Records from a dataset:

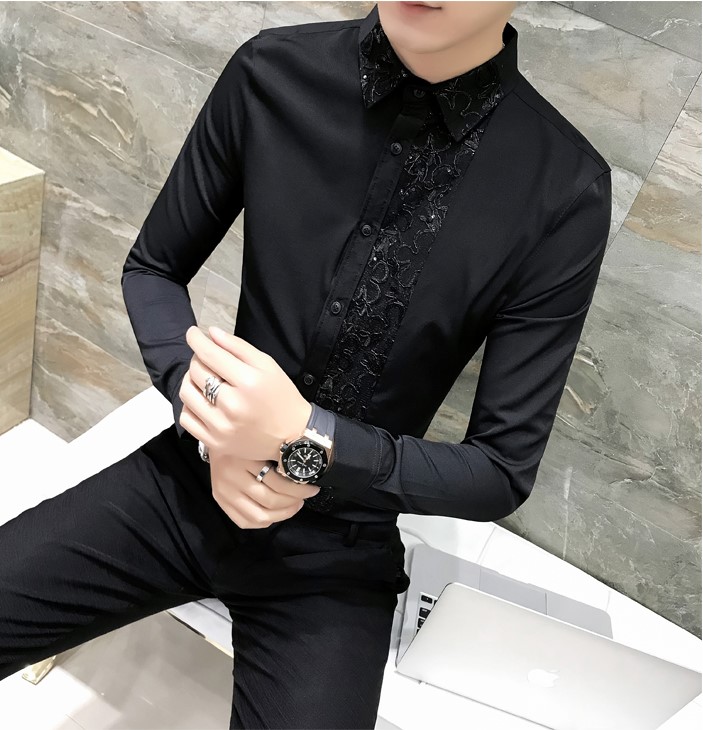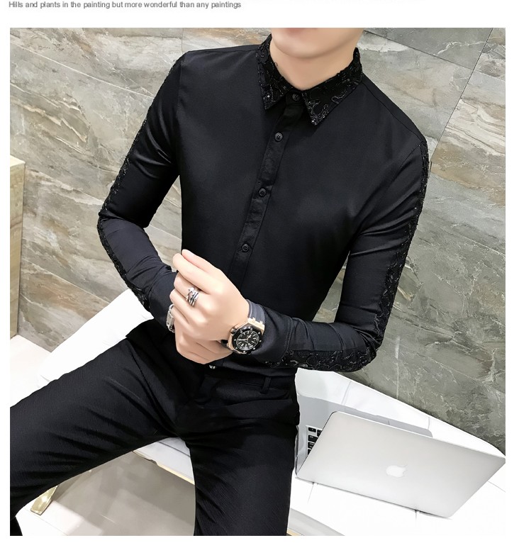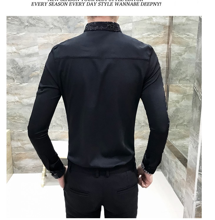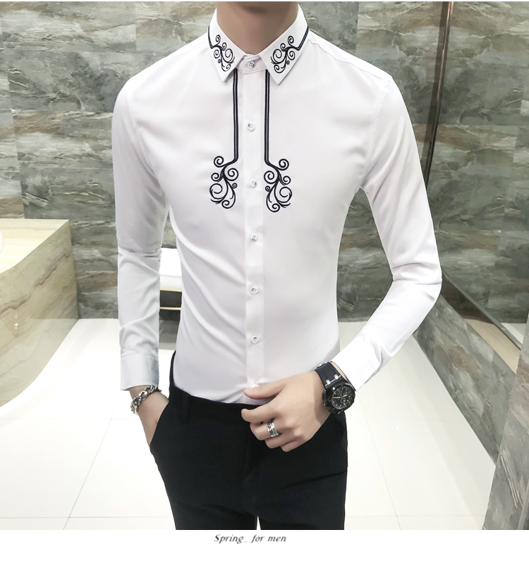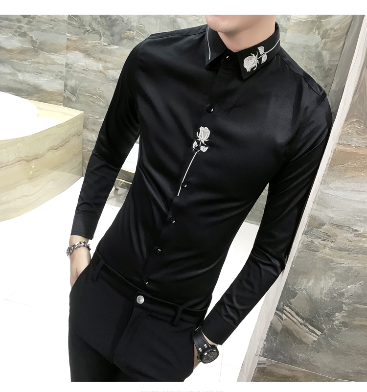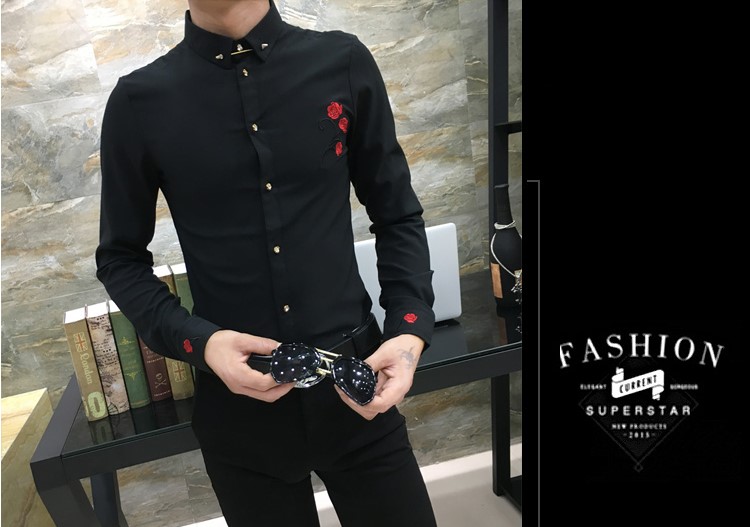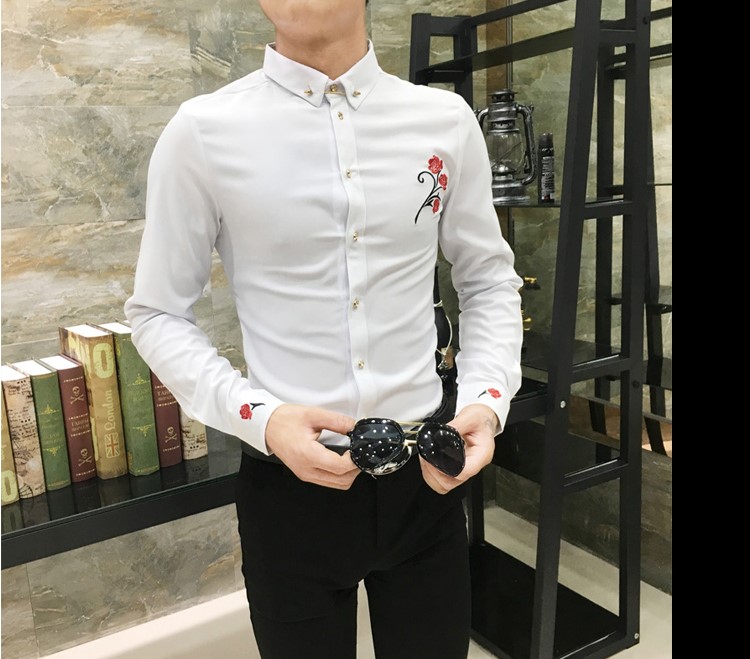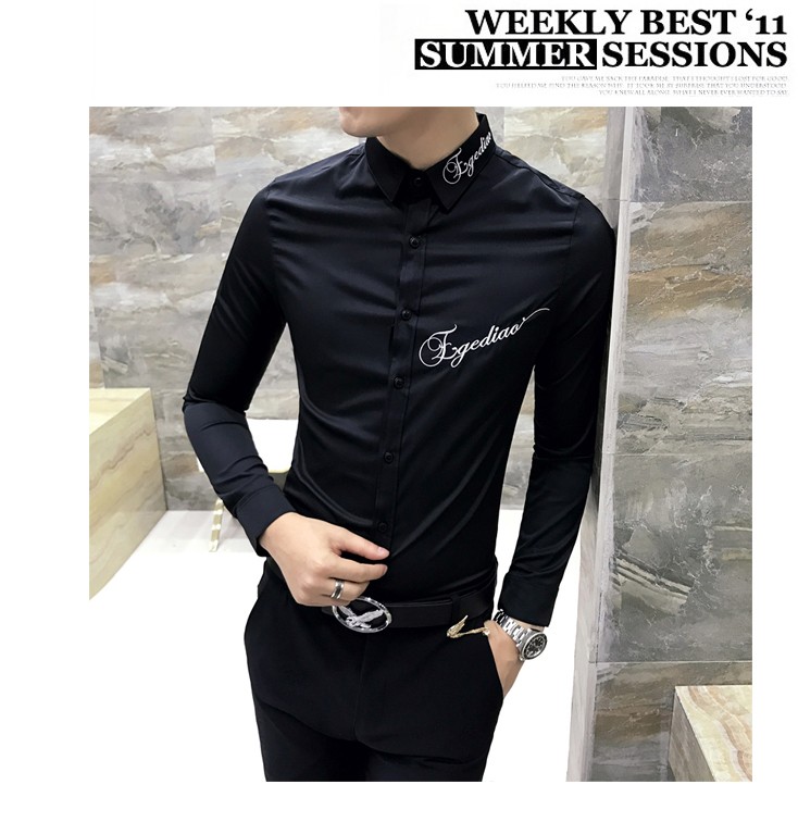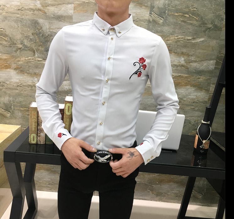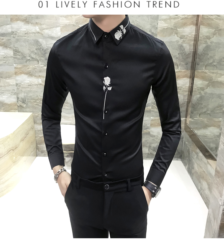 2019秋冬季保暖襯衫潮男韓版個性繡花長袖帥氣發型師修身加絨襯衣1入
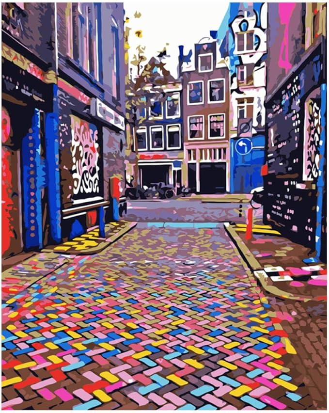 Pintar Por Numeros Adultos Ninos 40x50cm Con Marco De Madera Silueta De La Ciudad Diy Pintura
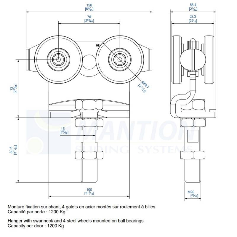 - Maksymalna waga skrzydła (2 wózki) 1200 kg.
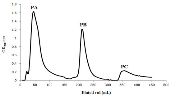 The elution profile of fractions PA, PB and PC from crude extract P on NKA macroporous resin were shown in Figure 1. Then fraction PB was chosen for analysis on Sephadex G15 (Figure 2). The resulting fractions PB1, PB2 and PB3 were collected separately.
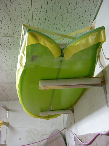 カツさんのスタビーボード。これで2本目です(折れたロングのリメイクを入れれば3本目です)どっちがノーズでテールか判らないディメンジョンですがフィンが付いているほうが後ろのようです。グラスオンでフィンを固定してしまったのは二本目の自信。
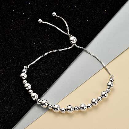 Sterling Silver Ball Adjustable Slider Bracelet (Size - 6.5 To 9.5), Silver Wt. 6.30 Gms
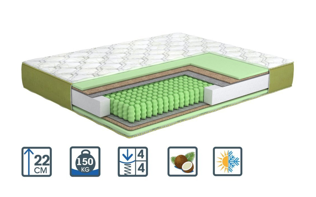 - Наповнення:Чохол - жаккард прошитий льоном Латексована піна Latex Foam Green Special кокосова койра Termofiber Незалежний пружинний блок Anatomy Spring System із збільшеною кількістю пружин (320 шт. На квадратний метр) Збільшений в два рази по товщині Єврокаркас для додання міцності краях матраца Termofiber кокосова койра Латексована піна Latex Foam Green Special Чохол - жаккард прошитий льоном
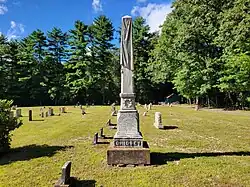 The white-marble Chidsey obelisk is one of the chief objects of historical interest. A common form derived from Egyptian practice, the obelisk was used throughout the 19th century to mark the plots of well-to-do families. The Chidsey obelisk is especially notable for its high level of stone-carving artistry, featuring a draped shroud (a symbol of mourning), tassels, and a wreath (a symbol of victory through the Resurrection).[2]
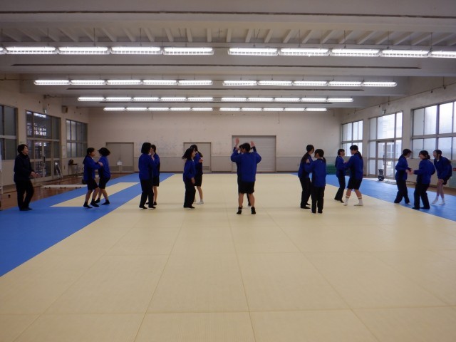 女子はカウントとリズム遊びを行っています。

◆ WHAT THIS TASK INVOLVES
Precisely those lines above that run from the line with "Sterling Silver Ball" up to and including the line with "- Наповнення:Чохол - жаккард" are to be set down, with the pictures omitted.

◆ ANSWER TO THIS PROBLEM
 Sterling Silver Ball Adjustable Slider Bracelet (Size - 6.5 To 9.5), Silver Wt. 6.30 Gms
 - Наповнення:Чохол - жаккард прошитий льоном Латексована піна Latex Foam Green Special кокосова койра Termofiber Незалежний пружинний блок Anatomy Spring System із збільшеною кількістю пружин (320 шт. На квадратний метр) Збільшений в два рази по товщині Єврокаркас для додання міцності краях матраца Termofiber кокосова койра Латексована піна Latex Foam Green Special Чохол - жаккард прошитий льоном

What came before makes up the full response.